• [Data shown]
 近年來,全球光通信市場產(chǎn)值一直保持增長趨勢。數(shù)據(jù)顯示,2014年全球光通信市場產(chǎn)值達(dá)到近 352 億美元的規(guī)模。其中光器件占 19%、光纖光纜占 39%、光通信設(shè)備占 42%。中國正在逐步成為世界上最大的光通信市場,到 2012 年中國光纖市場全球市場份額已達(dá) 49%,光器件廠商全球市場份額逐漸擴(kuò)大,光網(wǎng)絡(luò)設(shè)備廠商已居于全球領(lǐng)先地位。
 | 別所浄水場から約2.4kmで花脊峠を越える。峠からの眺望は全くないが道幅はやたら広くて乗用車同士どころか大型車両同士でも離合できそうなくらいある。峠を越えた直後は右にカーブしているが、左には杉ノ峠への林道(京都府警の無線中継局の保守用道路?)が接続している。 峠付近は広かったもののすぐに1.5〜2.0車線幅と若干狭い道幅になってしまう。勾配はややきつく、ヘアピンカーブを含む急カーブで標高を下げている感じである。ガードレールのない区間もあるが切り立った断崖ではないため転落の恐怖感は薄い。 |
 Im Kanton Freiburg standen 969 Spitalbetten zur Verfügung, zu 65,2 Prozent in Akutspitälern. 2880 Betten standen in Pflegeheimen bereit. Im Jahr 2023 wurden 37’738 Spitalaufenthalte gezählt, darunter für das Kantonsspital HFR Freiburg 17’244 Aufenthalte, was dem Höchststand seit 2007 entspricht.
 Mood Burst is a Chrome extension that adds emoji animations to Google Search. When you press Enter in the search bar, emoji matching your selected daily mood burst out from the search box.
==
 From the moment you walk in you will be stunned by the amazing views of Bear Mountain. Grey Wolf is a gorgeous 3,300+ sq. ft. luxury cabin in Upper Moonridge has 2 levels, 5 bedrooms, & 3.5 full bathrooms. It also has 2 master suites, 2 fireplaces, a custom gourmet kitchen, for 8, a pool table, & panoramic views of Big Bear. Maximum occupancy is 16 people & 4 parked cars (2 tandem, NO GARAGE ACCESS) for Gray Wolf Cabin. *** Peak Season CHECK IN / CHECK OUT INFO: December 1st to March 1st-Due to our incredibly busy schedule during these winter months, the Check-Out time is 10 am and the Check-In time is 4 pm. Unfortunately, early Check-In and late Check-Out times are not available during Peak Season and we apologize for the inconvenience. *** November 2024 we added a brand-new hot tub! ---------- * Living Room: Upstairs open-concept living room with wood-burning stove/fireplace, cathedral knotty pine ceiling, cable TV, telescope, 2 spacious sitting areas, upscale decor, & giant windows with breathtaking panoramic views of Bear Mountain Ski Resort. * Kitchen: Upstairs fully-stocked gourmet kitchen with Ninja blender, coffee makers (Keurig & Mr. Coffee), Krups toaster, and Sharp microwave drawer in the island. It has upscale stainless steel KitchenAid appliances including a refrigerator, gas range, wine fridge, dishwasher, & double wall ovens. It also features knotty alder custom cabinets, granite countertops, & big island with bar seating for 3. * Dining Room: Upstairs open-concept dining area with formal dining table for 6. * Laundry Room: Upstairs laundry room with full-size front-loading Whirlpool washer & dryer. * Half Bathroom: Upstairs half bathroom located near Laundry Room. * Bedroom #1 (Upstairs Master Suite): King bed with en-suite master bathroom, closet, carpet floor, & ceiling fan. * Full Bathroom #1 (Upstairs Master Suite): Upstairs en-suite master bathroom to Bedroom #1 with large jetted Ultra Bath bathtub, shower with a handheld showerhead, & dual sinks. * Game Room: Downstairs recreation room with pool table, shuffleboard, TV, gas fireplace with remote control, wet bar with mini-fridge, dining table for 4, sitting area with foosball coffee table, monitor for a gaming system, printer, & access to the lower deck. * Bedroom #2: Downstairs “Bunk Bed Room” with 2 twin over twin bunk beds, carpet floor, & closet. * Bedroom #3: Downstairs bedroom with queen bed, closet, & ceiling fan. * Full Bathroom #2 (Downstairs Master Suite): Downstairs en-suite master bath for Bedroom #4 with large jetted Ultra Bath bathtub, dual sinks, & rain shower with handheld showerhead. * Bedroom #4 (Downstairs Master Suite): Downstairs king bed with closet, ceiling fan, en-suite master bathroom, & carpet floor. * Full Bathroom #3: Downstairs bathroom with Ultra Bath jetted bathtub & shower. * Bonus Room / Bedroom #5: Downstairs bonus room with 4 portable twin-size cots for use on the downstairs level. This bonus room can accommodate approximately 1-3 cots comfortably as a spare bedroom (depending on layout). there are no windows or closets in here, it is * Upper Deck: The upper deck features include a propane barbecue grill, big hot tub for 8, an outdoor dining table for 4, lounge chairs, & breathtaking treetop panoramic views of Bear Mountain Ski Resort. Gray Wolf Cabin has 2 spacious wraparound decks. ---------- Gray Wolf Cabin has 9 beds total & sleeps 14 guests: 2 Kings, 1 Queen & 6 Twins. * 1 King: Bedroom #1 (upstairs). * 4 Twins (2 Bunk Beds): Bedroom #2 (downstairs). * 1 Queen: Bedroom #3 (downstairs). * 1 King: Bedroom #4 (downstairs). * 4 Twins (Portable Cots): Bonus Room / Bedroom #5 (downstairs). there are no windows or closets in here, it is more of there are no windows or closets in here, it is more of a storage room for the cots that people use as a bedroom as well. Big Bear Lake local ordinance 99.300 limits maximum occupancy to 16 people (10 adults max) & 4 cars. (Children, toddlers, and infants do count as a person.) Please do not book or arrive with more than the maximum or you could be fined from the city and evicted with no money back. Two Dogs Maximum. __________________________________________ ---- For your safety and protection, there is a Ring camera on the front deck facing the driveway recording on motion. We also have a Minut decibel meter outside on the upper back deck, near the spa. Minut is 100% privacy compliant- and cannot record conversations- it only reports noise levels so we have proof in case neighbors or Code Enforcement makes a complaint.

• [Exercise requirements] From the data above, output only the lines between the line containing "352 億美元的規(guī)模。其中光器件占 19%、光纖光纜占" and the line containing "Im Kanton Freiburg", inclusive, exactly as written.

• [Response area]
 近年來,全球光通信市場產(chǎn)值一直保持增長趨勢。數(shù)據(jù)顯示,2014年全球光通信市場產(chǎn)值達(dá)到近 352 億美元的規(guī)模。其中光器件占 19%、光纖光纜占 39%、光通信設(shè)備占 42%。中國正在逐步成為世界上最大的光通信市場,到 2012 年中國光纖市場全球市場份額已達(dá) 49%,光器件廠商全球市場份額逐漸擴(kuò)大,光網(wǎng)絡(luò)設(shè)備廠商已居于全球領(lǐng)先地位。
 | 別所浄水場から約2.4kmで花脊峠を越える。峠からの眺望は全くないが道幅はやたら広くて乗用車同士どころか大型車両同士でも離合できそうなくらいある。峠を越えた直後は右にカーブしているが、左には杉ノ峠への林道(京都府警の無線中継局の保守用道路?)が接続している。 峠付近は広かったもののすぐに1.5〜2.0車線幅と若干狭い道幅になってしまう。勾配はややきつく、ヘアピンカーブを含む急カーブで標高を下げている感じである。ガードレールのない区間もあるが切り立った断崖ではないため転落の恐怖感は薄い。 |
 Im Kanton Freiburg standen 969 Spitalbetten zur Verfügung, zu 65,2 Prozent in Akutspitälern. 2880 Betten standen in Pflegeheimen bereit. Im Jahr 2023 wurden 37’738 Spitalaufenthalte gezählt, darunter für das Kantonsspital HFR Freiburg 17’244 Aufenthalte, was dem Höchststand seit 2007 entspricht.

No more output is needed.